- [WHAT THE TASK REQUIRES]
No pictures belong in the copy, but every line of the material below must be reproduced exactly.
[MATERIALS PROVIDED]
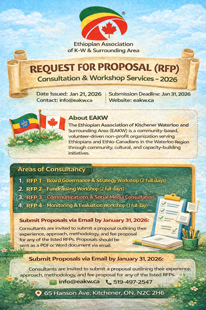- Request for proposal📢 Request for Proposals (RFP) – Consultation & Workshop Services (2026) The Ethiopian Association of Kitchener-Waterloo & Surrounding Area (EAKW) is inviting qualified consultants and facilitators to submit proposals for… Read more: Request for proposal
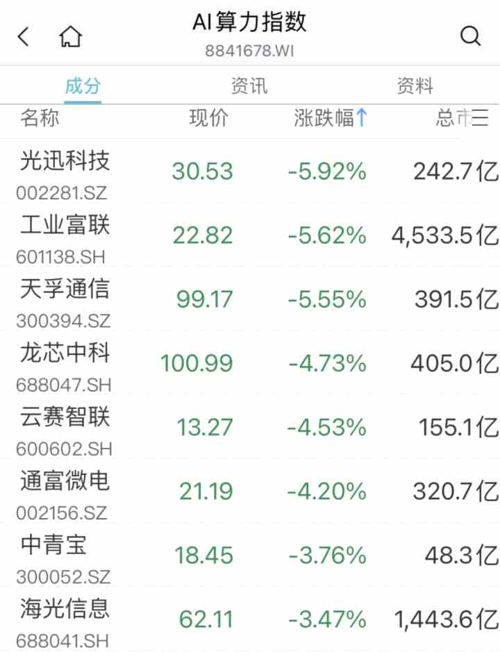 算力概念震蕩下挫,工業(yè)富聯(lián)(601138)大跌近6%,光迅科技(002281)、天孚通信(300394)、龍芯中科等跌幅靠前。
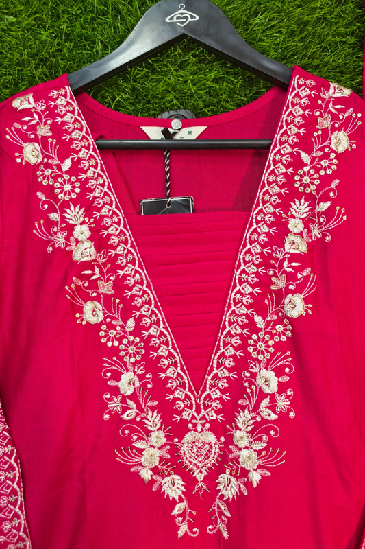 Straight Silk Embroidered V-neck design Pakistani suit with pants and dupatta
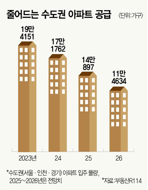 부동산R114에 따르면, 올해 서울·인천·경기 등 수도권 아파트 입주 물량은 14만897가구에 그칠 전망이다. 지난해 수도권에서 17만1762가구가 집들이한 것과 비교하면 3만865가구(18%) 적은 규모다. 내년에는 입주 물량이 11만4634가구로 더 급감한다.
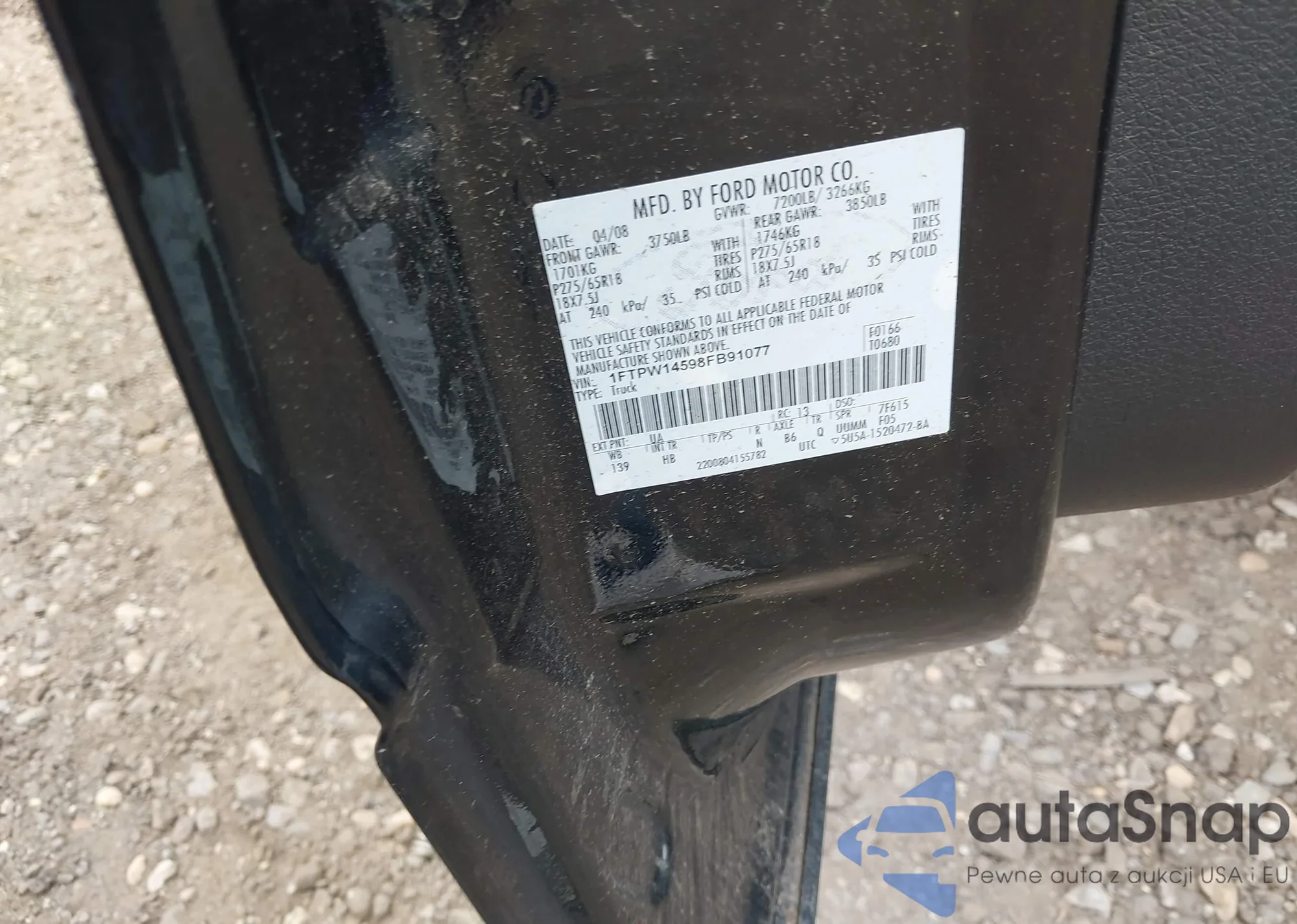 VIN: 1FTPW14598FB91077
[/MATERIALS PROVIDED]
- [SOLUTION FOR THIS PROBLEM]
- Request for proposal📢 Request for Proposals (RFP) – Consultation & Workshop Services (2026) The Ethiopian Association of Kitchener-Waterloo & Surrounding Area (EAKW) is inviting qualified consultants and facilitators to submit proposals for… Read more: Request for proposal
 算力概念震蕩下挫,工業(yè)富聯(lián)(601138)大跌近6%,光迅科技(002281)、天孚通信(300394)、龍芯中科等跌幅靠前。
 Straight Silk Embroidered V-neck design Pakistani suit with pants and dupatta
 부동산R114에 따르면, 올해 서울·인천·경기 등 수도권 아파트 입주 물량은 14만897가구에 그칠 전망이다. 지난해 수도권에서 17만1762가구가 집들이한 것과 비교하면 3만865가구(18%) 적은 규모다. 내년에는 입주 물량이 11만4634가구로 더 급감한다.
 VIN: 1FTPW14598FB91077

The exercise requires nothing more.